Hot flashes are sudden feelings of increase of the body temperature mainly associated with menopause, but it can also affect men.
In menopausal women, hot flashes are typically more intense at the face, the neck and the chest, which can cause redness of the skin. They may be associated with an increase in heart rate and intense sweating followed by an equally intense cold feeling. Their frequency varies from person to person, but they generally last for a few minutes and appear especially at night. The exact cause remains unclear, but it is thought to be the result of hormonal changes typical of menopause and an increased sensitivity of the control system of the body temperature, which becomes more sensitive to small changes.
Fluctuations in hormone levels can also be the basis of hot flashes that affect men, in particular a reduction of testosterone and androgen associated to aging.
However, in both women and men the problem can also be associated with actual diseases, such as hyperthyroidism, prostate cancer, hypothalamus or pituitary gland diseases. Hot flashes can also be triggered by cancer treatments.
General symptoms of hot flashes may include:
- A sudden feeling of warmth spreading through the upper body and face
- Perspiration (mostly on the upper body)
- Rapid heartbeat
- A flushed appearance with red, blotchy skin
- Cold sensation as the hot flash subsides
Hot flashes that occur during the night (night sweats) can cause one to lose sleep and may cause chronic insomnia over time. These sleep disturbances can eventually lead to memory problems, anxiety and depression in some women.
What diseases can be associated with hot flashes?
The diseases that may be associated with hot flashes are the following:
- Panic attack
- Prostate cancer
- Testicular cancer
It is important to note that this is not an exhaustive list and it would always be better to consult a doctor if symptoms persist.
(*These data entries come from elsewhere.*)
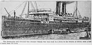 SS Maloja was an M-class passenger steamship of the Peninsular and Oriental Steam Navigation Company. She was completed in 1911 and worked a regular route between Great Britain and India. In 1916 in the First World War she was sunk by a mine in the English Channel off Dover with the loss of 155 lives.
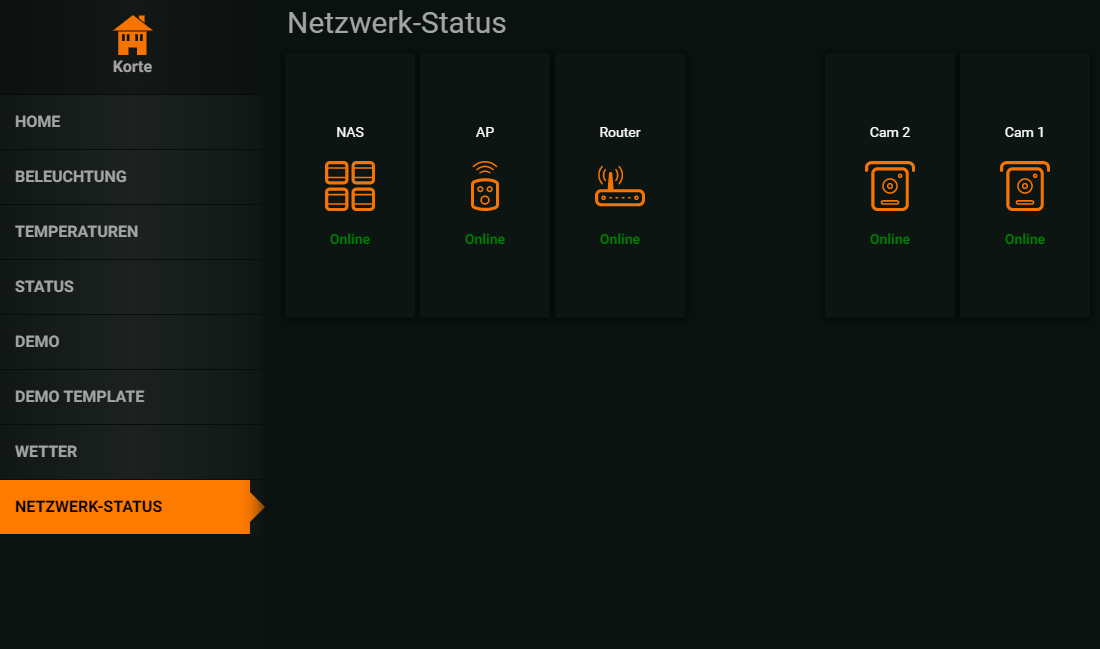Ich habe zur Visualisierung ein weiteres Dashboard „Netzwerk-Status“ erstellt. Auf diesem Dashboard werden nun alle Geräte angezeigt.
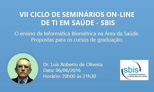 O Prof. Luiz Roberto de Oliveira, docente da Faculdade de Medicina e Coordenador do Núcleo de Tecnologias e Educação a Distância em Saúde (Nuteds) da UFC, participa, na segunda-feira (6), do VII Ciclo de Seminários On-line de Informática em Saúde, promovido pela Sociedade Brasileira de Informática em Saúde (SBIS).
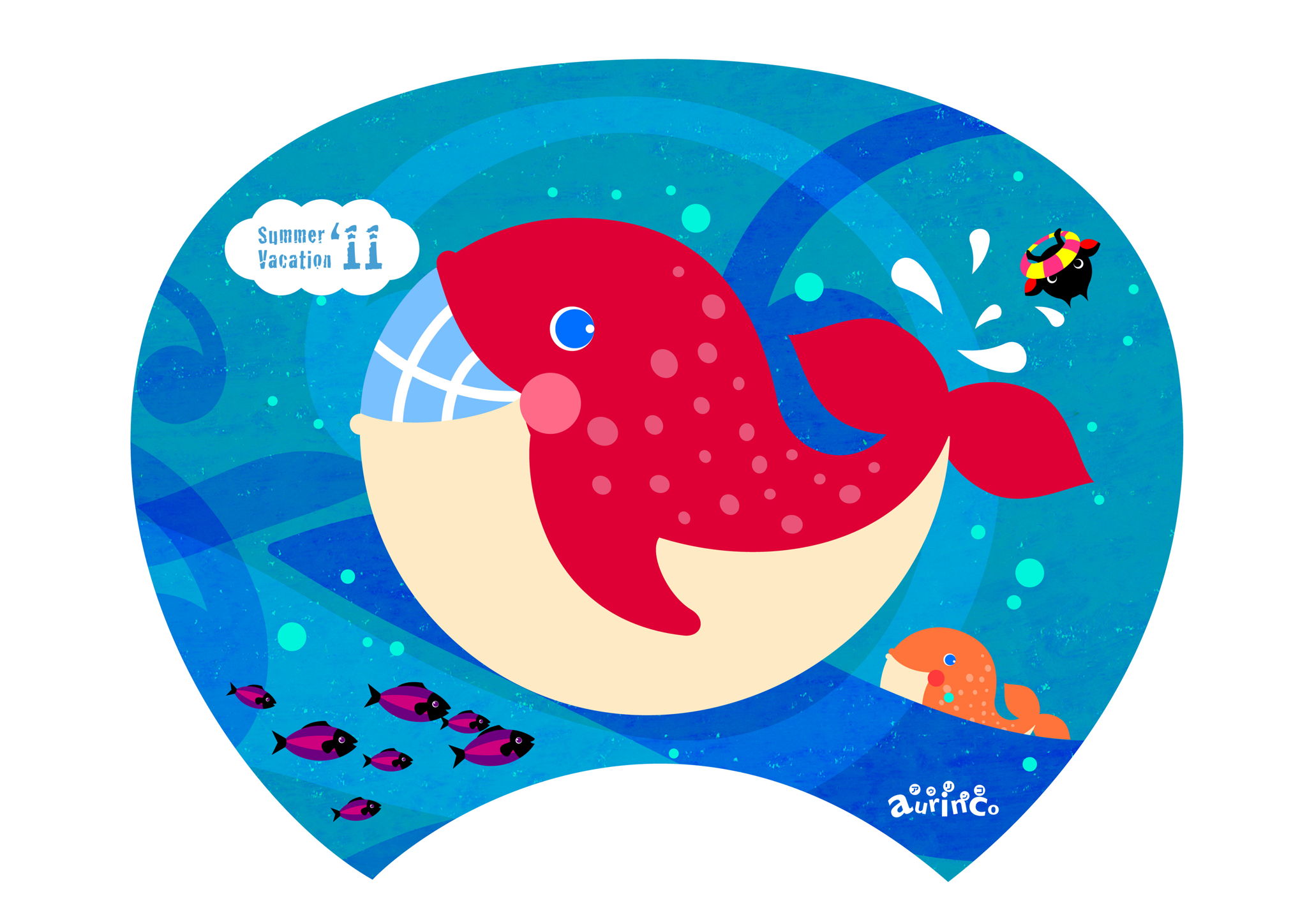 節電のオリジナルキャラクターの電球くんが、夏休みに入り、海におよぎにでました!

What are the remedies for hot flashes?
Generally the most effective remedy for hot flashes is taking female hormones. Men can also benefit from female hormones in cases where the problem is triggered by an anti-cancer treatment. However, several studies show the potential side effects of hormone therapy. Therefore, it is important to discuss with a doctor the relationship between the risks and benefits in your specific case. In some cases, hot flashes may be treated with medications such as antidepressants or anticonvulsants, while in other cases the problem goes away in a short time and does not require any medication. In these cases a doctor may recommend changes such as reducing food consumption of spicy foods, reducing alcohol and caffeine intake, more rest, do not overheat, do not smoke, losing excess pounds or rely on complementary medicine such as acupuncture and hypnosis or dietary supplements, in particular those based on phytoestrogens.
When to contact your doctor?
In cases where hot flashes are associated with menopause seek medical help to manage them in the best way possible, so they do not significantly affect the quality of life. In other cases, you should consult a doctor to determine the underlying problem and identify the most appropriate treatment to the case.